What to produce >> Restate word for word the lines of the material below, from the line with "2025年茅台浓香型酒茅台镇" to the line with "みなとみらいの高層ビル群のな", both lines included, and no others.
►
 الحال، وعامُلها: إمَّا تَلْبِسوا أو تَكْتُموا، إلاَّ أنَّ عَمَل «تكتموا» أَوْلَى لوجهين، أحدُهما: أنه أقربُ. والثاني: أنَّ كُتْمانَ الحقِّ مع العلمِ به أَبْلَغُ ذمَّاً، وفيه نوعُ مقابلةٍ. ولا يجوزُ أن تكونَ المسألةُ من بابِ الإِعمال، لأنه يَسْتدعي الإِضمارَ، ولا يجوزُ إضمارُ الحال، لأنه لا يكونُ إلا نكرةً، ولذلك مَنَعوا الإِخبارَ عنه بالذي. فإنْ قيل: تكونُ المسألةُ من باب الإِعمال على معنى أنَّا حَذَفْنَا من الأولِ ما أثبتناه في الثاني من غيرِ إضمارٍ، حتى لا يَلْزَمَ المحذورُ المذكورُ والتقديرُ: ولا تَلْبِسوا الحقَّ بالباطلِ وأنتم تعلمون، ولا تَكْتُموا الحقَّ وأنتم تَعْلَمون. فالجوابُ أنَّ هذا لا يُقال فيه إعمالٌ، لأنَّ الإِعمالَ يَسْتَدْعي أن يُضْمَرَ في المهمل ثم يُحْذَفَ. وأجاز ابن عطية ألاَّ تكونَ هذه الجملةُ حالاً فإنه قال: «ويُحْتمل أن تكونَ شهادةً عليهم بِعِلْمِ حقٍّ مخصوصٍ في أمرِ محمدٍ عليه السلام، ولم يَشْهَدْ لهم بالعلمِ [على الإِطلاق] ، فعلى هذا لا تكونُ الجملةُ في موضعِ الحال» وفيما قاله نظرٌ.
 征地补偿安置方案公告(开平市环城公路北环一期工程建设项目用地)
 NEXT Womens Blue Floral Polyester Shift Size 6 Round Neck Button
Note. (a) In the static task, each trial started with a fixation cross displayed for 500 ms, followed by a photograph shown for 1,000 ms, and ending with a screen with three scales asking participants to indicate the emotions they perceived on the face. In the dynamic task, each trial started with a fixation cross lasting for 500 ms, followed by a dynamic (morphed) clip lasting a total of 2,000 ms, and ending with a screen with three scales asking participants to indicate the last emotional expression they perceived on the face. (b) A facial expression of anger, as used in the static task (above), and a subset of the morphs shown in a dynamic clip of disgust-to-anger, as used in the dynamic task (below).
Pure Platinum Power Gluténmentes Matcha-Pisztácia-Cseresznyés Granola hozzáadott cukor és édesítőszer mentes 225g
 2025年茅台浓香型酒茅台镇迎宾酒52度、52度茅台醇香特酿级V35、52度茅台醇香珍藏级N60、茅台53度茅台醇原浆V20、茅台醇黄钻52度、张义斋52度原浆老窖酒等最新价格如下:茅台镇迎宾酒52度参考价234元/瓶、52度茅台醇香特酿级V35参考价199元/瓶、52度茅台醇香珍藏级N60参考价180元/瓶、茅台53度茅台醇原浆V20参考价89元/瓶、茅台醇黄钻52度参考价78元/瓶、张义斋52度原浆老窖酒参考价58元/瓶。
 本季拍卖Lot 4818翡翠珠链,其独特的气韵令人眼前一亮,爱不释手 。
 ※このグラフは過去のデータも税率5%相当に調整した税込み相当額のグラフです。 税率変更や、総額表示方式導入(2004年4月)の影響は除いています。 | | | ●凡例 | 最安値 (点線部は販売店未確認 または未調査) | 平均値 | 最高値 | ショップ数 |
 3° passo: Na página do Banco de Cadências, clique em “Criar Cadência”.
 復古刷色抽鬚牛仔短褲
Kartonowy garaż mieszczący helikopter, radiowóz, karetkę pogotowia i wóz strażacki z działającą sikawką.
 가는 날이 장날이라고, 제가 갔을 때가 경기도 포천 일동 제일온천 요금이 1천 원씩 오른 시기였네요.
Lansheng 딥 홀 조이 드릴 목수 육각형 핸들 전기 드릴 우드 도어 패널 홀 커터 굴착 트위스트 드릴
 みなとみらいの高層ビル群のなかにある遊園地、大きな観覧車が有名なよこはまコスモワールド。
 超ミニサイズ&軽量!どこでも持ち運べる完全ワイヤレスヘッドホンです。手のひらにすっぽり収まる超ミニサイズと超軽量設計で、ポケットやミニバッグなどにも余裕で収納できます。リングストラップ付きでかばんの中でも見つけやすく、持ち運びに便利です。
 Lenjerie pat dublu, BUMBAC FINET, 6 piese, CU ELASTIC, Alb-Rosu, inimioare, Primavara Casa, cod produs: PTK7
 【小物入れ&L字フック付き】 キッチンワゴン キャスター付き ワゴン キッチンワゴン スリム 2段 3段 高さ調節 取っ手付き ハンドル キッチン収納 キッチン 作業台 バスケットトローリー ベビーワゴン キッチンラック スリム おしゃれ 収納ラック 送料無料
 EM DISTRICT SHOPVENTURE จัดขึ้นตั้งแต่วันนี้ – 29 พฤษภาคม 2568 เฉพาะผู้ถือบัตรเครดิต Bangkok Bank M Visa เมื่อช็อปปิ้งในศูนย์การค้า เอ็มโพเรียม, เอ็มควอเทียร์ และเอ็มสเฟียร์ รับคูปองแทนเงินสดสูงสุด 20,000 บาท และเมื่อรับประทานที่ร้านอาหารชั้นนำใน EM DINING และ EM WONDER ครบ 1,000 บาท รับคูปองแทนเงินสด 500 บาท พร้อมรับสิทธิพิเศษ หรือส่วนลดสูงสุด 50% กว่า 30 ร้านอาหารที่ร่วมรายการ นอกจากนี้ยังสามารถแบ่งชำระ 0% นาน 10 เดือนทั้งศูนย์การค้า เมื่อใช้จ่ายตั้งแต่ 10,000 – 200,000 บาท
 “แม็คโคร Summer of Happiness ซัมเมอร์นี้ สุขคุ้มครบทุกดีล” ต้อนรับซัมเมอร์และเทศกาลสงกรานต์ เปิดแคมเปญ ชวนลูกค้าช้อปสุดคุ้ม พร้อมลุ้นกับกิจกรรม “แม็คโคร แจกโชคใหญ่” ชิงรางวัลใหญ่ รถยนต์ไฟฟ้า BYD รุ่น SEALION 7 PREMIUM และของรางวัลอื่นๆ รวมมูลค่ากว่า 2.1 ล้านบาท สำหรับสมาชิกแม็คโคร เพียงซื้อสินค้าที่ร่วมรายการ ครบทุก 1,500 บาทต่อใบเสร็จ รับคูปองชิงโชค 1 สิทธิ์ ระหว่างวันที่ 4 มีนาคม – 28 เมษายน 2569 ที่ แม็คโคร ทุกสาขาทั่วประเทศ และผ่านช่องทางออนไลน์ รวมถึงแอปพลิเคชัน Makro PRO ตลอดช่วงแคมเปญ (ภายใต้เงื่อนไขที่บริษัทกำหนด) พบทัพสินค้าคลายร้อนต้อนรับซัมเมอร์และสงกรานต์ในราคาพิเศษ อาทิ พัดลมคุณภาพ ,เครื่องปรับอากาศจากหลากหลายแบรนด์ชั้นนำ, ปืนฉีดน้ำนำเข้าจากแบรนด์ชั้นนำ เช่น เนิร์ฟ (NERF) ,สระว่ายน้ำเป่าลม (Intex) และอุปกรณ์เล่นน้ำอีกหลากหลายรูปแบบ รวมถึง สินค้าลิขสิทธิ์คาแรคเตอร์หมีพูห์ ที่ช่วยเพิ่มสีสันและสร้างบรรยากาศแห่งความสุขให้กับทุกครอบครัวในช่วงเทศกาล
◄
Result for this exercise >>
 2025年茅台浓香型酒茅台镇迎宾酒52度、52度茅台醇香特酿级V35、52度茅台醇香珍藏级N60、茅台53度茅台醇原浆V20、茅台醇黄钻52度、张义斋52度原浆老窖酒等最新价格如下:茅台镇迎宾酒52度参考价234元/瓶、52度茅台醇香特酿级V35参考价199元/瓶、52度茅台醇香珍藏级N60参考价180元/瓶、茅台53度茅台醇原浆V20参考价89元/瓶、茅台醇黄钻52度参考价78元/瓶、张义斋52度原浆老窖酒参考价58元/瓶。
 本季拍卖Lot 4818翡翠珠链,其独特的气韵令人眼前一亮,爱不释手 。
 ※このグラフは過去のデータも税率5%相当に調整した税込み相当額のグラフです。 税率変更や、総額表示方式導入(2004年4月)の影響は除いています。 | | | ●凡例 | 最安値 (点線部は販売店未確認 または未調査) | 平均値 | 最高値 | ショップ数 |
 3° passo: Na página do Banco de Cadências, clique em “Criar Cadência”.
 復古刷色抽鬚牛仔短褲
Kartonowy garaż mieszczący helikopter, radiowóz, karetkę pogotowia i wóz strażacki z działającą sikawką.
 가는 날이 장날이라고, 제가 갔을 때가 경기도 포천 일동 제일온천 요금이 1천 원씩 오른 시기였네요.
Lansheng 딥 홀 조이 드릴 목수 육각형 핸들 전기 드릴 우드 도어 패널 홀 커터 굴착 트위스트 드릴
 みなとみらいの高層ビル群のなかにある遊園地、大きな観覧車が有名なよこはまコスモワールド。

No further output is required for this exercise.